Mereka bisa hidup menetap di rumah permanen yang layak.
Suku Kokoda juga telah
mendapatkan dana desa. Mereka sedang berusaha membuat bagan atau alat penangkap
ikan di laut. Masyarakat pun bisa panen ikan setiap hari untuk memenuhi
kebutuhan mereka.
Kiprah Rustamadji membangun
karakter masyarakat Kokoda membuahkan hasil. Perlahan, citra negatif Suku
Kokoda pudar. Mereka makin optimistis menata dan menatap masa depan setelah
mendapat sentuhan Muhammadiyah.
Menurut Rustamadji,
tantangan Suku Kokoda ke depan adalah membangun karakter.

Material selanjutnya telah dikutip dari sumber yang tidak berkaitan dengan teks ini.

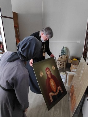 Архиепископ Благовещенский и Тындинский Лукиан посетил с рабочим визитом иконописную мастерскую Среднебельского Албазинского женского монастыря, в которой монахини-художницы создают иконы для храмов Благовещенской епархии. Сейчас они завершают работу над списком чудотворного Ченстоховского образа Божией Матери. Икона станет главной святыней Богородицкого храма в городе Зея, строительство которого начнется в ближайшее время.

Ia pun mengajak
lembaga swasta, pemerintah daerah, pemerintah pusat, dan perguruan tinggi untuk
memiliki keberpihakan yang nyata.
“Mereka yang kurang rajin
menjadi rajin, yang tidak semangat menjadi lebih semangat, dan budaya konsumtif
mereka menjadi budaya produktif,” ujar dia. (ed: a syalaby ichsan).
Tulisan ini sebelumnya telah
dimuat di halaman Republika pada Senin (22/4)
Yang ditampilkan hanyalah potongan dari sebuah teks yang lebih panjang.